I’ve been working alot in Surfer these days; an excellent geostats and surface mapping package. I was very happy to find that GDAL read it’s .grd binary format until I noticed the output from gdalinfo:

> C:\Workspace\Temp\interpolation>gdalinfo svpce_5.grd
Driver: GS7BG/Golden Software 7 Binary Grid (.grd)
Files: svpce_5.grd
Size is 555, 339
Coordinate System is `'
Origin = (383371.000000000000000,3764907.000000000000000)
Pixel Size = (0.500000000000000,0.500000000000000)
Corner Coordinates:
Upper Left  (  383371.000, 3764907.000)
Lower Left  (  383371.000, 3765076.500)
Upper Right (  383648.500, 3764907.000)
Lower Right (  383648.500, 3765076.500)
Center      (  383509.750, 3764991.750)
Band 1 Block=555x1 Type=Float64, ColorInterp=Undefined
 NoData Value=1.70141e+038

Notice that upper Y value is south of the lower Y value! Basically the raster lines order is reversed (bottom-to-top instead of the normal raster orientation of top-to-bottom). I’ve also experienced the same issue with some NetCDF files so I thought it would be good to have a generic solution to the problem.

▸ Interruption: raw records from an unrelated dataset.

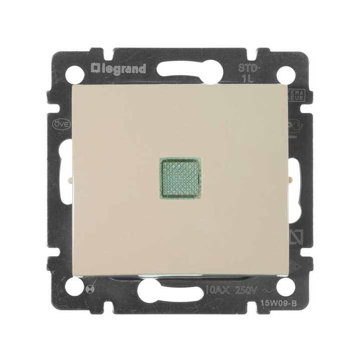 Механизм переключателя 1-кл. СП Valena проходн. на 2 напр. с зел. подсв. сл. кость Leg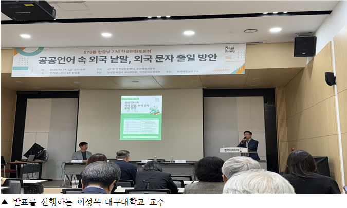 이날 발표를 맡은 이정복 대구대학교 교수는 “국제기구의 명칭이 대부분 영문 약칭으로만 통용되고 있다”는 점을 문제로 제기하며 발표를 시작했다. 그는 “UN, WTO, OECD처럼 외국어 약칭만 쓰는 현실은 단순한 표기 문제가 아니라 국민의 정보 접근권과 언어 주권이 걸린 문제”라고 강조했다. 이 교수는 64개 주요 국제기구의 명칭을 분석한 결과, 한국어 줄임말 사용률이 평균 18.6%에 불과하다고 밝혔다. ‘세계보건기구(WHO)’나 ‘국제통화기금(IMF)’처럼 익숙하게 자리 잡은 일부 사례를 제외하면, 대부분의 국제기구 명칭은 여전히 로마자 약칭으로만 사용되고 있었다. 그는 “발음의 자연스러움, 의미 전달력, 국민 인지도 등을 종합적으로 고려한 한글형 줄임말의 표준화가 필요하다”며 “이는 단순한 순화가 아니라 국민의 이해를 위한 언어 복지의 실천”이라고 덧붙였다.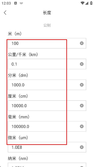 4、系統(tǒng)會自動計(jì)算,并顯示出其他長度單位對應(yīng)的換算結(jié)果。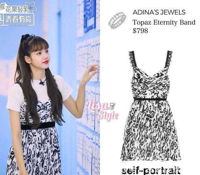 白色t恤和黑色腰带裙。这条腰带裙原本是一件豹纹黑白一体裙。丽莎强行将一件丰满性感的欧美服装融入可爱的风格,与化妆和发饰相得益彰,更显青春活力。当搭配这种有更多线条的打底装时,上衣应该使用像丽莎一样的纯色外套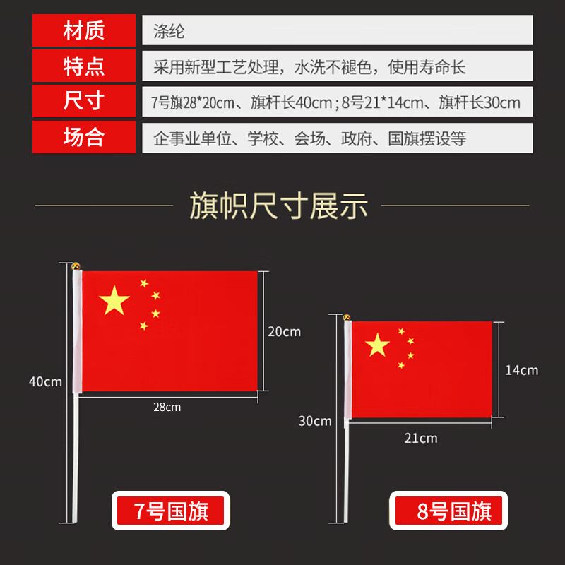 小国旗手摇旗国旗手持手挥小号7号8号中国国旗五星红旗国庆节户外装 饰品儿童迷你手拿小红旗队旗带杆旗子赠送

So I hacked up the gdal_merge.py script (distributed with gdal, fwtools, etc) and created a raster flip script that will invert the image along the y axis and retain the georeferencing and metadata. The resulting flip_raster.py script seems to work pretty well though it is far from tested.

Here’s an example:

The standard gdal_translate method (which doesn’t account for the inverted coordinate space):

gdal_translate -of GTiff krig1.grd krig1_translate.tif

And the flipped raster method:

flip_raster.py -o krig1_flip.tif -of GTiff krig1.grd

And we’re good. gdalinfo confirms that we have the same extents, pixel sizes, metadata, etc as the original dataset.